右腕以外の感覚が途切れ、勝手に動く体と視界から意識を逸らして理力による物質干渉に集中する。理力と言う恵まれた能力を使いこなすには日々の鍛錬が重要で、今や移動中に老朽化した大型二輪車の機嫌をとるのに活用している。
理力で熱源の分子振動だけを取り除いてやり、熱くなった右手を冷ましながらハンドルの握り手を掴む。俺の鍛錬に付き合うユイヅキも慣れているので、一々伝えなくても操作神経の切り替えは円滑だ。
(もう急ぐ必要もないから噴かすのは程ほどにしとけ。それより温度計の針は正常値かユイヅキ?)
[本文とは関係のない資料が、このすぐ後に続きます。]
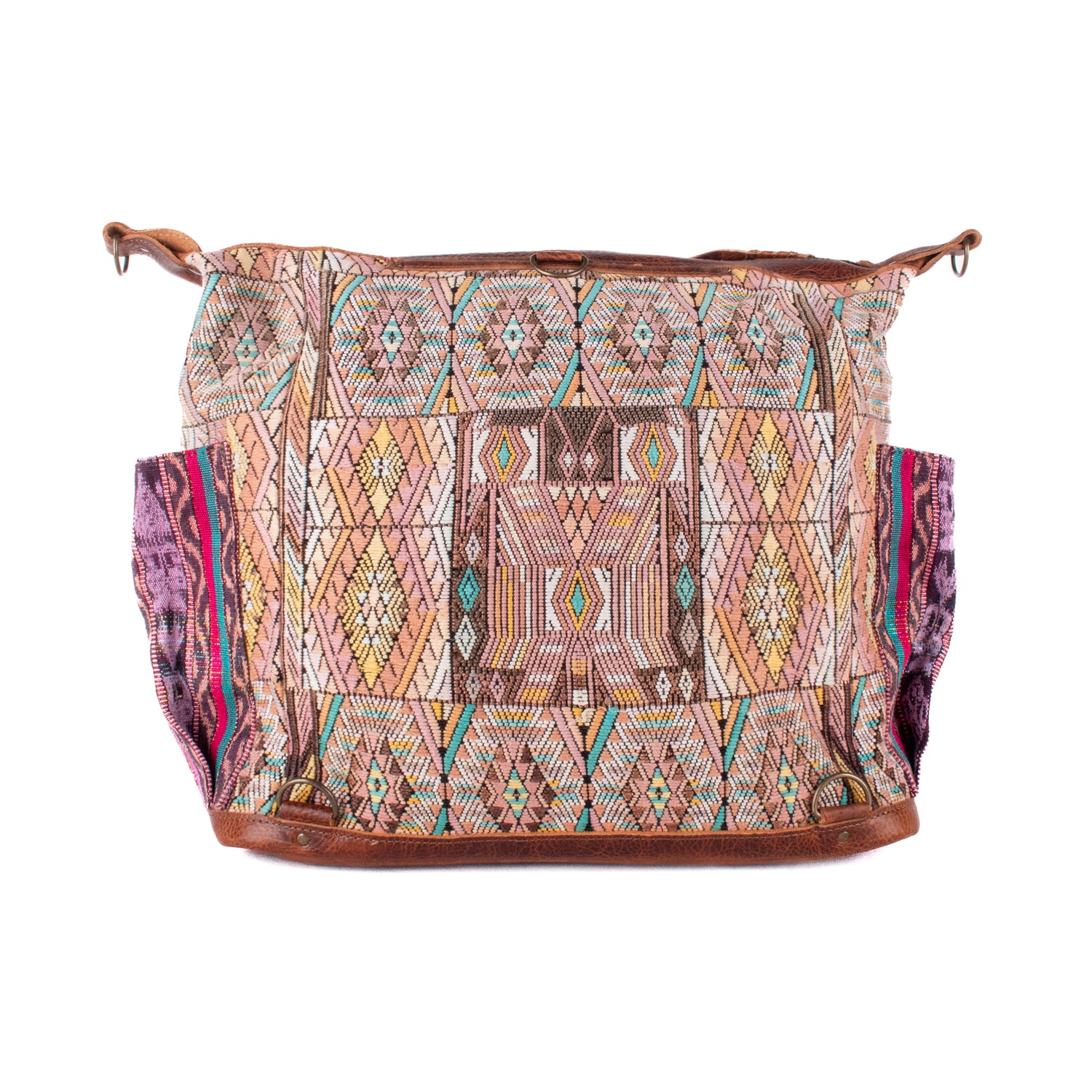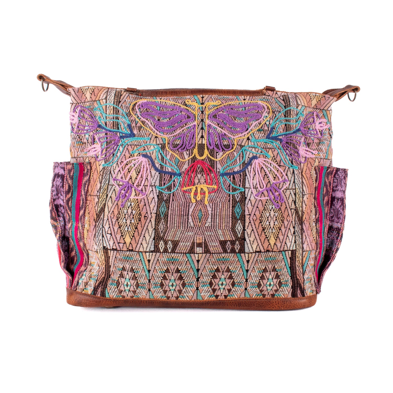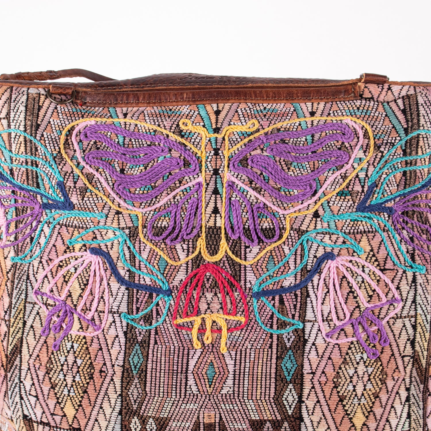 Many unique Maya symbols can be found in our One of a Kind Collection. The fabric we use for this collection is made from upcycled vintage huipiles (traditional attire worn by women in Guatemala) that were handwoven by Artisans up to 10 years ago, and they have lived a full life before being incorporated into your leather bag!

俺の意図が伝わり視界が拡大された状態でハンドルの中心へと自動で定まる。速度計や機関回転数と電圧を含めた温度計は正常値に戻っていて、俺は左手の熱さが我慢出来なくなり冷却作業を終えた。
【イクサム、そろそろ体を戻しますよ。近くにオルケイラの巣が在るので山道から山を登る迂回路を通りましょう。】
俺は体の自由が戻って直、視界内に表示された分岐点の位置を確認する。右側は崖で百メートル以上下に川が流れているが、丁度この川が対岸の岩山に在る面倒な魔獣の巣との境界線になっているらしい。
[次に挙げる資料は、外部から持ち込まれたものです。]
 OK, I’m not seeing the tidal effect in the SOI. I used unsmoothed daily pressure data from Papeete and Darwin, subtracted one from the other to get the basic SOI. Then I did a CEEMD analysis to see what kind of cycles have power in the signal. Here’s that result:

崖沿いの道から山肌を一部切り開いて通された山道の道に入る。緩やかな坂道のおかげで再び冷却液が加熱する事も無く、山越え経路として視界内に表示されたクロマへの黄色い誘導線と数字が白く変わった。
【行き先は旧鉱山街クロマ。所要距離六・八キロ。同時間は十五分三十秒ほどです。】
ユイヅキの調子はいつも良い。俺から供給された魔素は暑い環境でも劣化しないらしく、余裕さえあれば俺と世間話をして時間を潰したりもする。
俺は急ぐ事もせず削られた山肌に沿って峠道を進み、長い下り坂を慣性で疾走して山を越えた。山を越えると数キロ四方に広がる平野部に出たが、目的地が在る盆地方向の平野を進まず、山沿いの岩が転がる崖伝いを北上する。
荒野には整備された道路以外に道は少ない。殆どが古い時代に鉱脈を探す為に邪魔な岩を除去し山を削った採掘跡ばかり。先ほどまで通っていた断崖沿いの道は古い時代の交易路だったらしく比較的平らな状態だったが、平野部の雑草や小岩が散らばっている場所でも陥没するほど脆い場所が在ったりする。
そんな誰も寄り付かない土地柄か、一度魔獣が住み着けばなかなか駆除されず放置されている。おかげで俺は一月近くの間誰にも邪魔される事は無く、思う存分生体核の収集に専念できた。
特に巣穴に何度も入り群がるオルケイヤを理力の衝撃波や即席魔導砲で殲滅するのは痛快で、顔に笑みが貼り付きそうなくらい大量の魔石を手にした時は今でも如実に思い出せる。
【イクサム。思い出に浸るのは構いませんがいきなり思い出し笑いをするのはやめてください。視ていて身持ち悪いですよ。】
若い女の声で愉悦に浸る気分が台無しになるとは、俺もまだまだ若いな。それでも俺はこの地に住まう魔獣共を駆逐する勢いで狩った日々を思い出す。特に初めて出会った巨大生物系甲殻魔獣のオルケイラとの戦いを思い出すと、あの時心と体を駆け抜けた様々な衝撃は当時の俺に多くの教訓を与えた。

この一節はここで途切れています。